▶ YOUR OBJECTIVE: Reproduce the data exactly and drop any pictures it holds.

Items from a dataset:
───
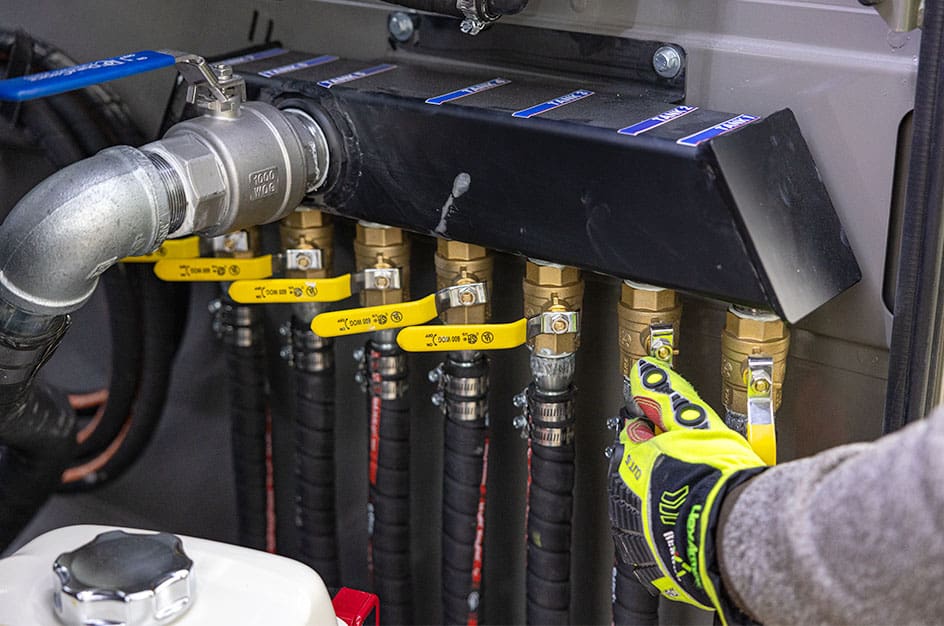 - Gas-powered 5.5 hp motor with 2″ pump. Capable of 40 gpm. Dual-filter system with high-flow auto nozzle.
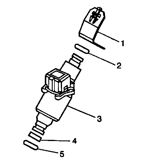 2. Install the O-ring backup (4) and the new injector O-ring seals (2), (5) on the injector.
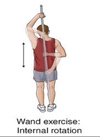 Έσω στροφή με ράβδο, ο ασθενής κρατά τη ράβδο πίσω από το σώμα του σε οριζόντια θέση. Απομακρύνει τη ράβδο από το σώμα του προς τα επάνω και την επαναφέρει στην αρχική θέση [21].
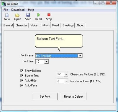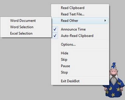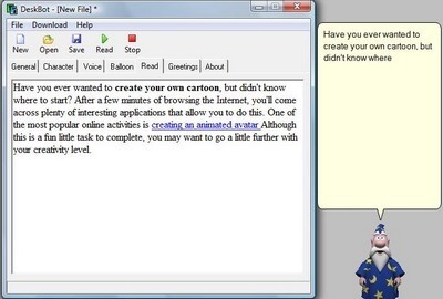 Deskbot là một tiện ích miễn phí, cho phép bạn tạo ra một người bạn ảo trên màn hình desktop. Người bạn này sẽ luôn đồng hành cùng bạn mỗi khi bạn sử dụng máy tính. Bạn có thể yêu cầu nó đọc các đoạn văn bản đã sao chép vào clipboard, nội dung của một file văn bản, hoặc thông báo thời gian…
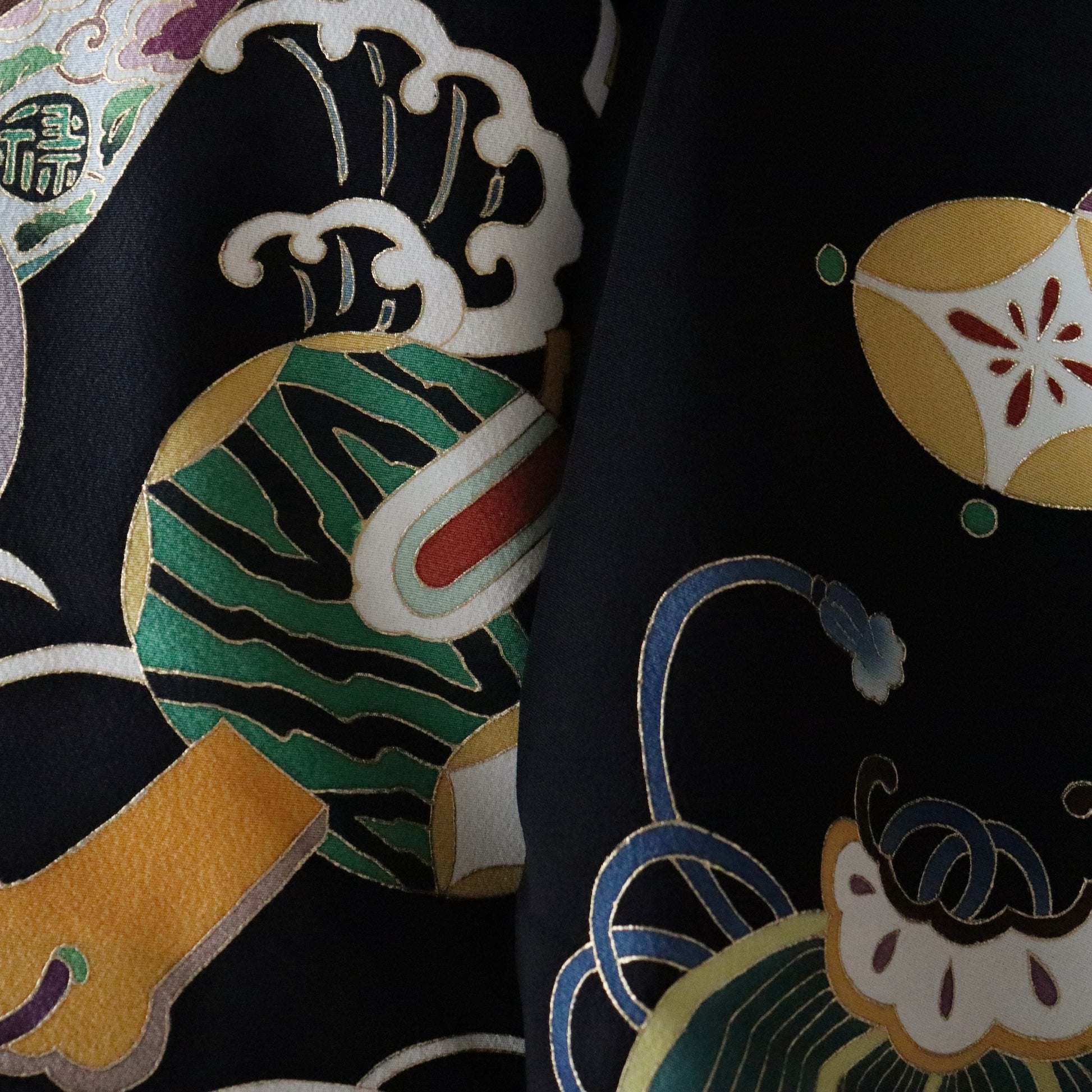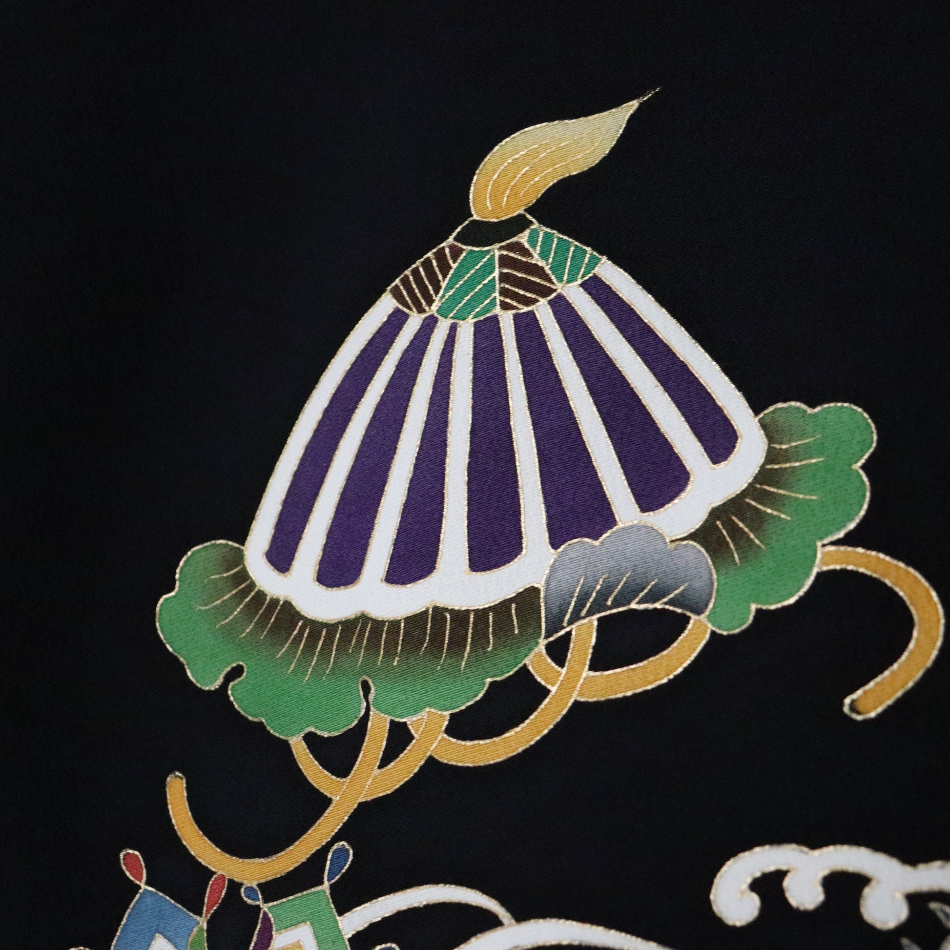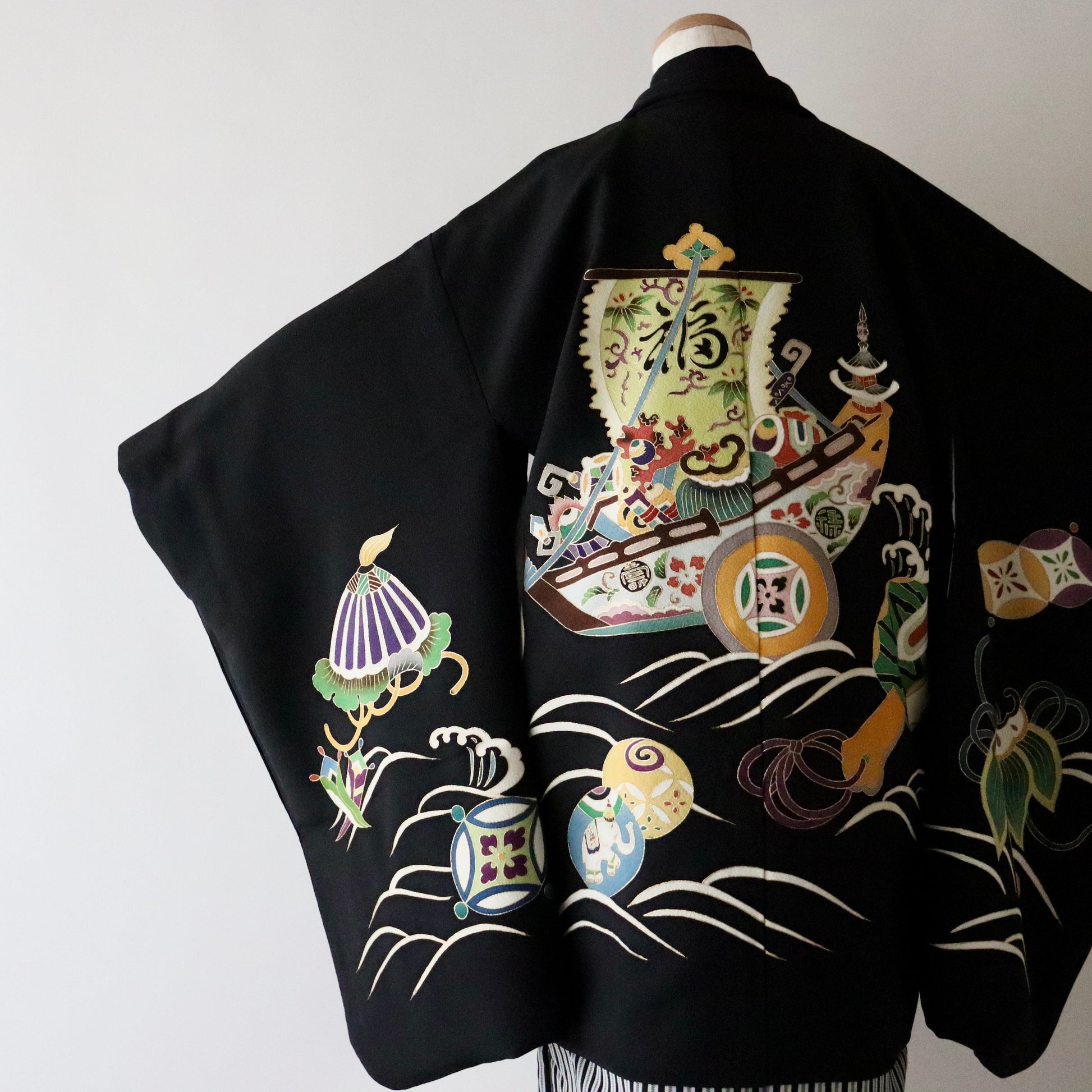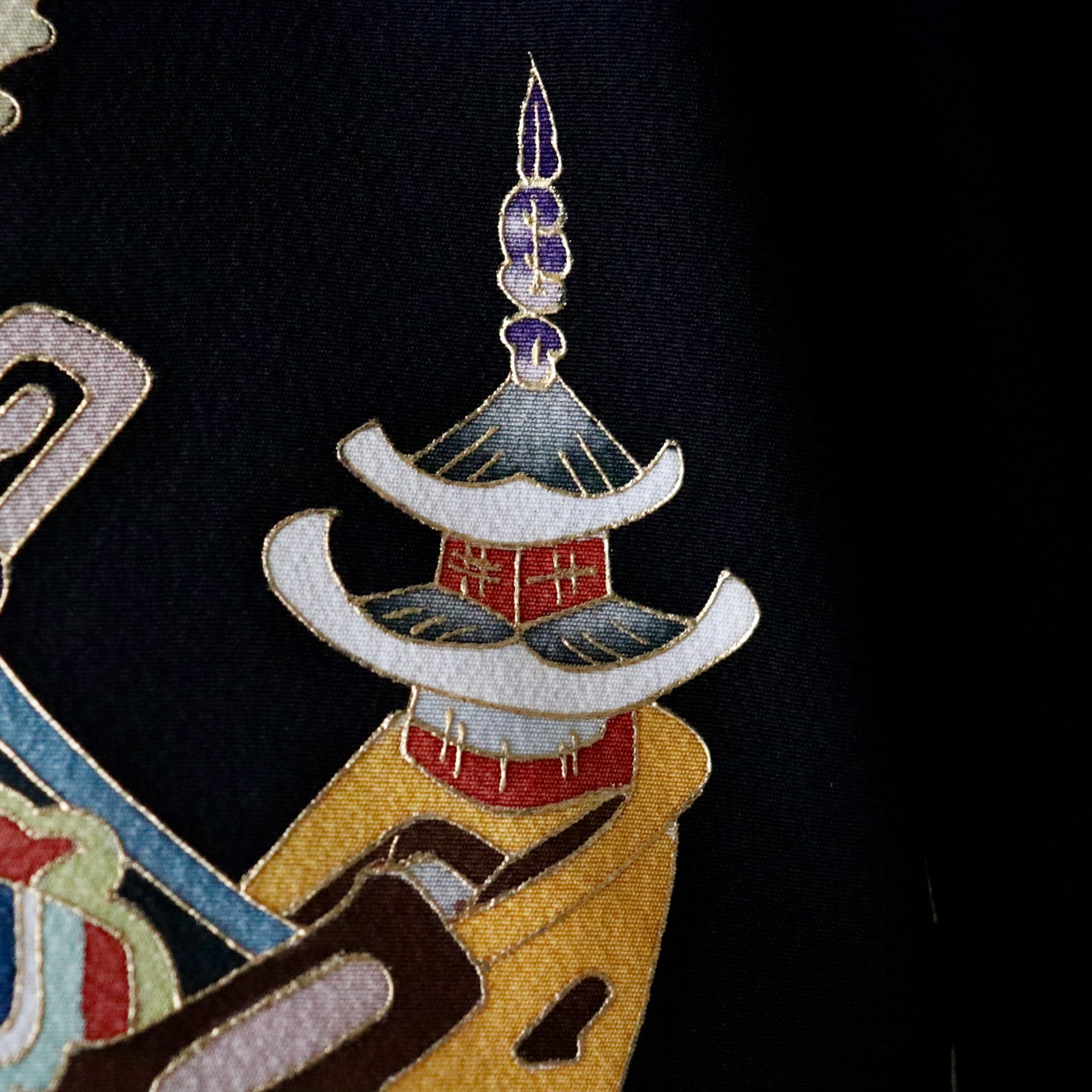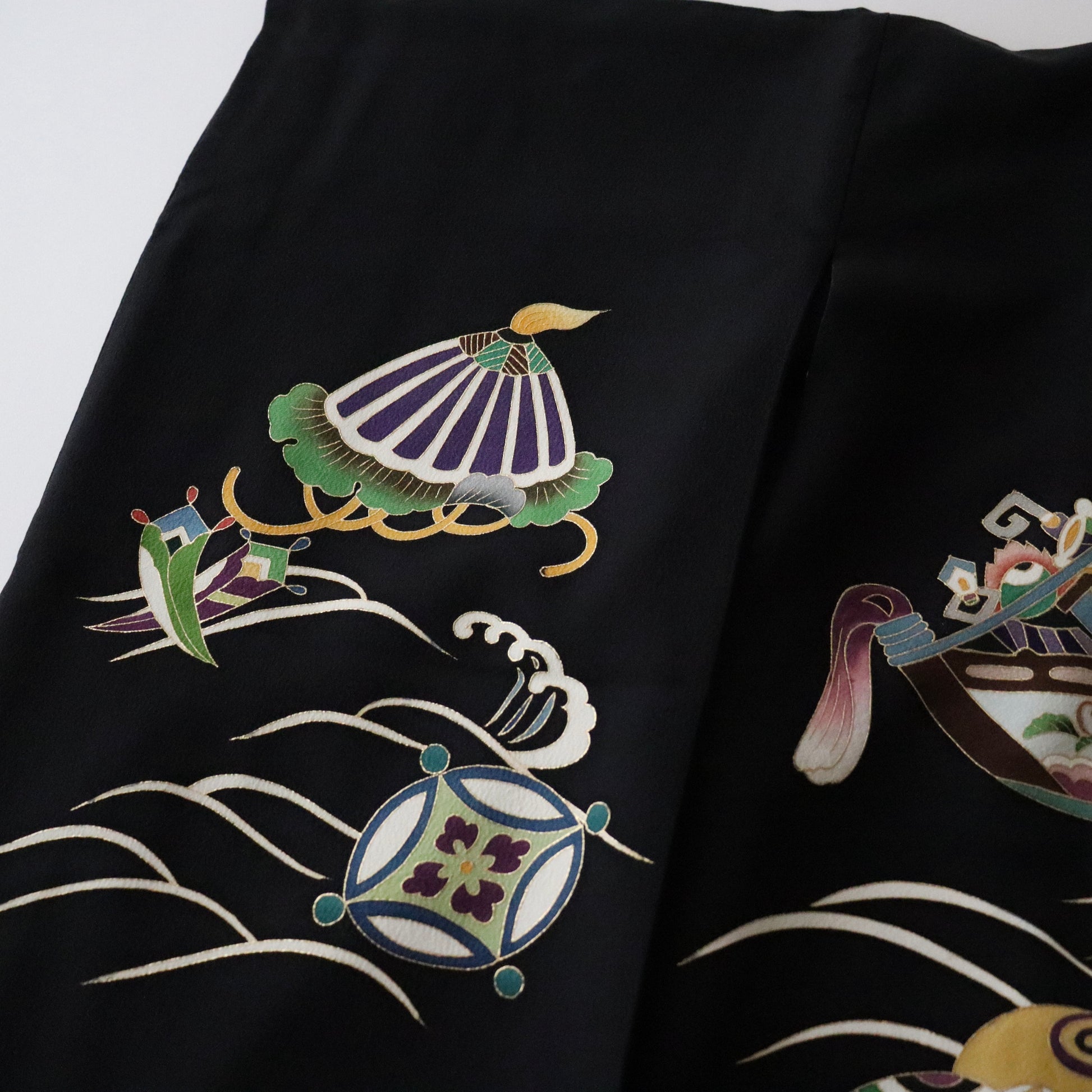 生地表情豊かな最上質の縮緬地に手描き友禅で宝船が美しく描いた本作は京友禅で名を馳せる『岡重』謹製。
───
▶ EXERCISE ANSWER:
 - Gas-powered 5.5 hp motor with 2″ pump. Capable of 40 gpm. Dual-filter system with high-flow auto nozzle.
 2. Install the O-ring backup (4) and the new injector O-ring seals (2), (5) on the injector.
 Έσω στροφή με ράβδο, ο ασθενής κρατά τη ράβδο πίσω από το σώμα του σε οριζόντια θέση. Απομακρύνει τη ράβδο από το σώμα του προς τα επάνω και την επαναφέρει στην αρχική θέση [21].
 Deskbot là một tiện ích miễn phí, cho phép bạn tạo ra một người bạn ảo trên màn hình desktop. Người bạn này sẽ luôn đồng hành cùng bạn mỗi khi bạn sử dụng máy tính. Bạn có thể yêu cầu nó đọc các đoạn văn bản đã sao chép vào clipboard, nội dung của một file văn bản, hoặc thông báo thời gian…
 生地表情豊かな最上質の縮緬地に手描き友禅で宝船が美しく描いた本作は京友禅で名を馳せる『岡重』謹製。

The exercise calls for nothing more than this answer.